From American Prospect: http://prospect.org/article/why-alt-labor-groups-are-making-employers-mighty-nervous
Lane Windham
January 30, 2014
A growing minimum wage movement indicates that despite low union membership statistics, labor’s future isn’t as dire as some in the business world might hope.
Union membership remained steady last year—steady at its near-hundred-year low. A mere 6.7 percent of private-sector workers are union members, as are 11.3 percent of U.S. workers overall, according to figures released last Friday by the Bureau of Labor Statistics (BLS.)
Those government union membership statistics, however, don’t capture an entire swath of new, exciting and emerging labor activists—“alt-labor” activists—whom alarmed employers would like to see regulated by the same laws that apply to unions. Yet before we regulate them as unions, shouldn’t we first count them as unions?
Consider those striking fast food workers you’ve been reading about, the ones calling for a $15 an hour wage. Their numbers are not counted in the union membership figures. How about those Wal-Mart workers who struck for Black Friday and just won a key court case? Uncounted. What about the day laborers who joined any one of hundreds of workers’ centers nationwide? You got it, not included. Neither are the restaurant workers, home health care workers, taxi drivers or domestic workers, all of whom are organizing for workplace power outside traditional unions.

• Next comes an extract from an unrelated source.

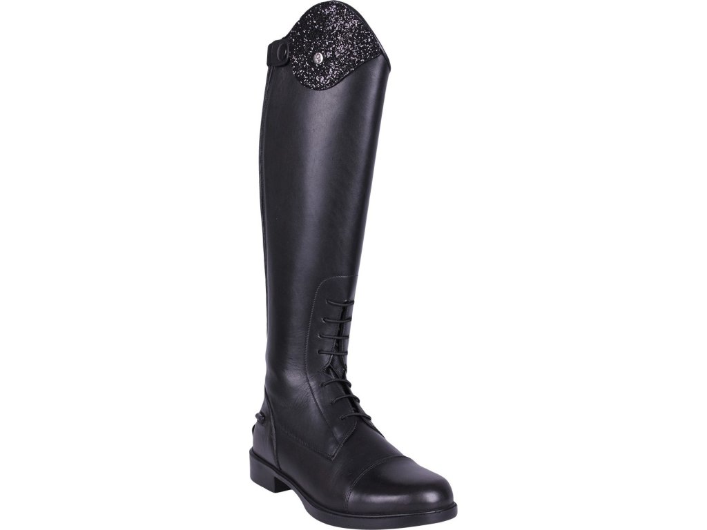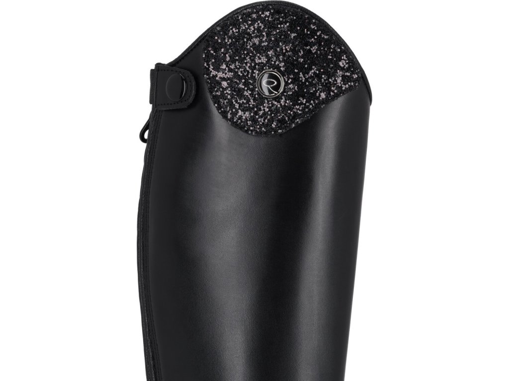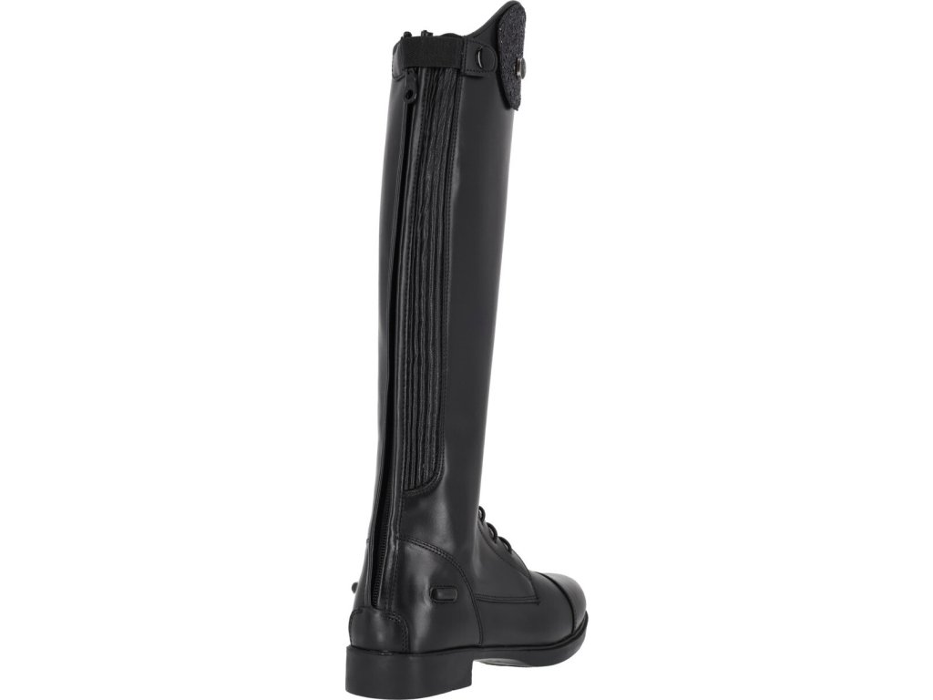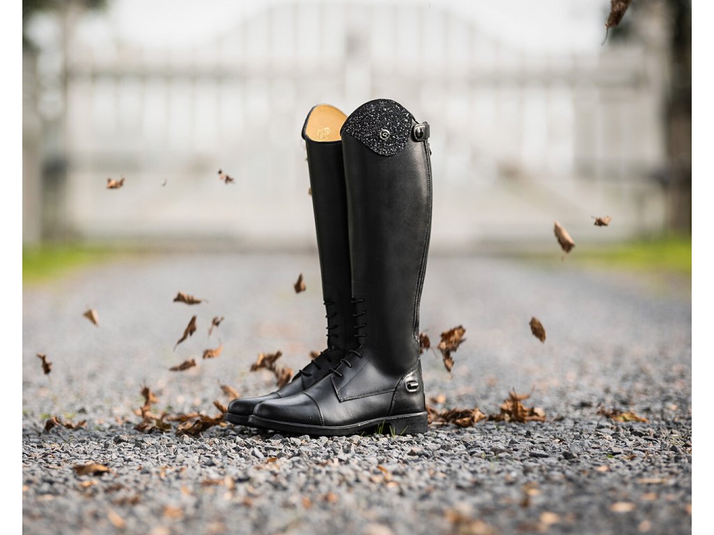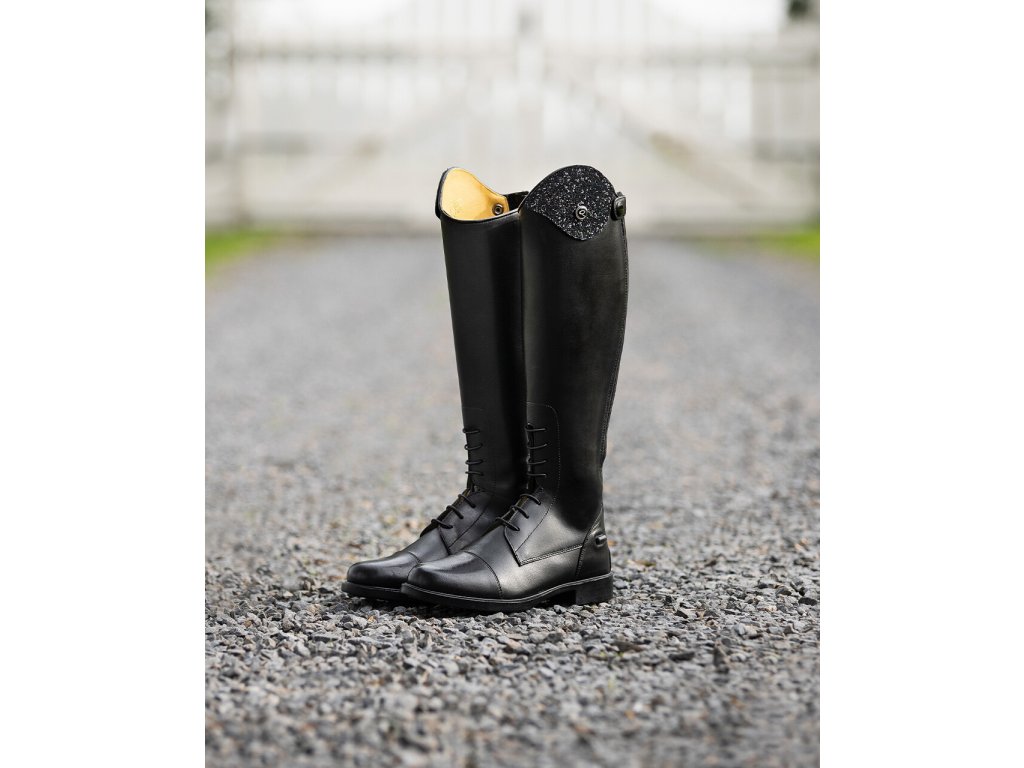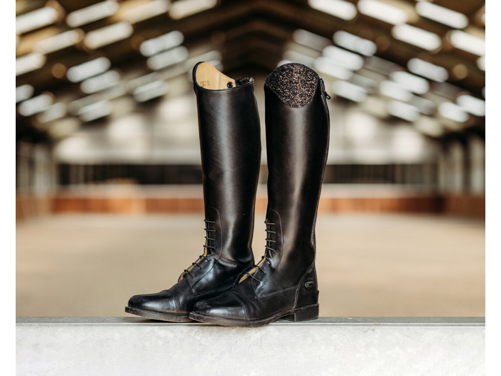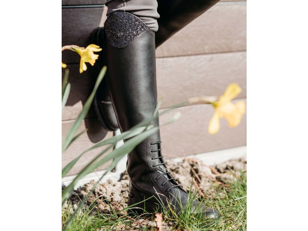 Juniorskie jeździeckie buty do jazdy konnej wykonane z wysokiej jakości skóry bydlęcej. Wygląd można dowolnie zmieniać dzięki elementowi dekoracyjnemu u góry buta.Zapinane na zamek błyskawiczny z tyłu wraz z jego ochroną i ogranicznikami ostróg. Eleganckie sznurowanie z przodu. Podstawowy wymienny element dekoracyjny jest wliczony w cenę, inne można dokupić osobno. Dostępne dla wyższej, standardowej i szerszej łydki.
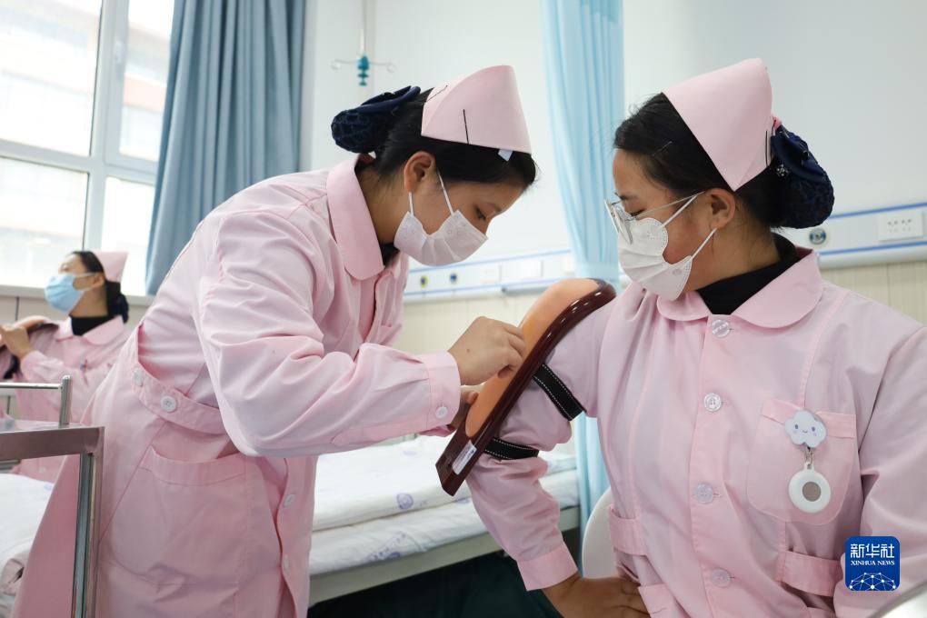 10月17日,在甘肅省蘭州新區科教園區,甘肅省衛生職業(yè)學(xué)院的學(xué)生在基礎護理實(shí)訓室進(jìn)行實(shí)訓課程。

Why are these labor activists uncounted? The BLS bases its union membership numbers on the Current Population Survey (CPS). Every month, the government asks about 15,000 people whether they are union members or members of an employee association like a union. The people who went on strike at McDonald’s for a day, or who joined a local workers’ center, will almost certainly say “no” to this question, because they don’t pay union dues or aren’t covered by a contract. The government’s questions have no place for these workers who are part of a new breed of “alt-labor” groups leveraging workplace power outside the realm of collective bargaining —such as through worker centers, labor coalitions, or the three million members of the AFL-CIO’s Working America. In addition, the government union numbers exclude people who report they are self-employed. In todays’ economy, that could easily mean day laborers and domestic workers who are part of new labor groups.